This repo contains code for product title segmentation. Given an product title, e.g., "mccafe french roast k cup pods", we aim to segment it into phrases that can be attribute values, e.g., ["mccafe", "french roast", "k cup", "pods"].
There are two steps, preprocessing and chunking. The preprocessing step runs the product titles through a pre-trained BERT model to obtain word to word impact scores. The chunking step segments the titles into phrases based on the scores, and applies post processing to enhance phrase completeness.
numpy
ray[tune]
python>=3.8
pytorch
transformers==4.6.1
tqdm
Input files should be jsonl files. For each product type (PT), the raw input should be stored in [PT].jsonl
. Each line should have "asin" (unique ID) and "title" fields.
A pre-trained BERT checkpoint shall be loaded. Please use our in-domain fine-tuned language model here.
In our dataset release, the files under raw
directory is used as input for this part of the code. The output will look like files under candidate
directory. Please use the BERT checkpoint that we release with the code.

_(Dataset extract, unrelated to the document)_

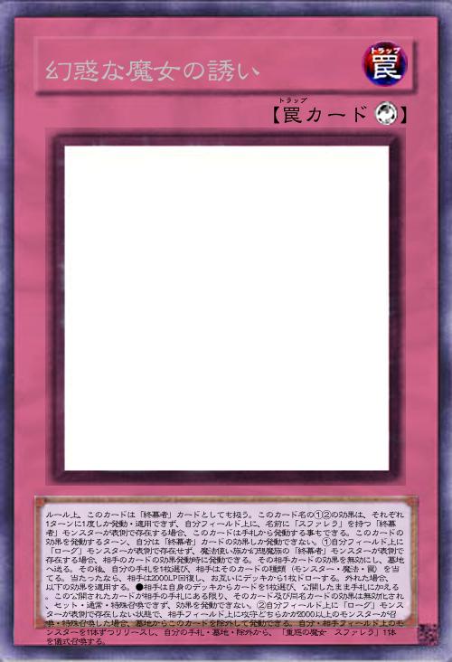 | ルール上、このカードは「終幕者」カードとしても扱う。このカード名の①②の効果は、それぞれ1ターンに1度しか発動・適用できず、自分フィールド上に、名前に「スファレラ」を持つ「終幕者」モンスターが表側で存在する場合、このカードは手札から発動する事もできる。このカードの効果を発動するターン、自分は「終幕者」カードの効果しか発動できない。①自分フィールド上に「ローグ」モンスターが表側で存在せず、魔法使い族か幻想魔族の「終幕者」モンスターが表側で存在する場合、相手のカードの効果発動時に発動できる。その相手カードの効果を無効にし、墓地へ送る。その後、自分の手札を1枚選び、相手はそのカードの種類(モンスター・魔法・罠)を当てる。当たったなら、相手は2000LP回復し、お互いにデッキから1枚ドローする。外れた場合、以下の効果を適用する。●相手は自身のデッキからカードを1枚選び、公開したまま手札に加える。この公開されたカードが相手の手札にある限り、そのカード及び同名カードの効果は無効化され、セット・通常・特殊召喚できず、効果を発動できない。②自分フィールド上に「ローグ」モンスターが表側で存在しない状態で、相手フィールド上に攻守どちらかが2000以上のモンスターが召喚・特殊召喚した場合、墓地からこのカードを除外して発動できる。自分・相手フィールド上のモンスターを1体ずつリリースし、自分の手札・墓地・除外から、「重惑の魔女 スファレラ」1体を儀式召喚する。 | |||
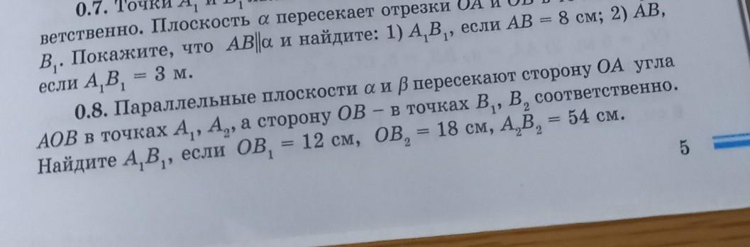 так как параллельные плоскости пересекают угол в заданных точках, то линии пересечения А1В1 и А2В2 параллельны, а значит все точкиО, А1,В1,А2,В2 , лежат в одной плоскости . Тогда ΔОА1В1 и ΔОА2В2 подобны,то есть

The running script preprocess_dist.sh
and chunk_dist.sh
are for preprocessing and chunking respectively.
The scripts are for distributed running, where we create one job for each PT input and run it on one GPU.
You may use preprocess.py
and chunk.py
for single GPU jobs.
There will be two files generated for each PT, [PT_name].chunk.jsonl
and [PT_name].asin.txt
. The first file contains segmented product titles, and the second file contains aligned IDs.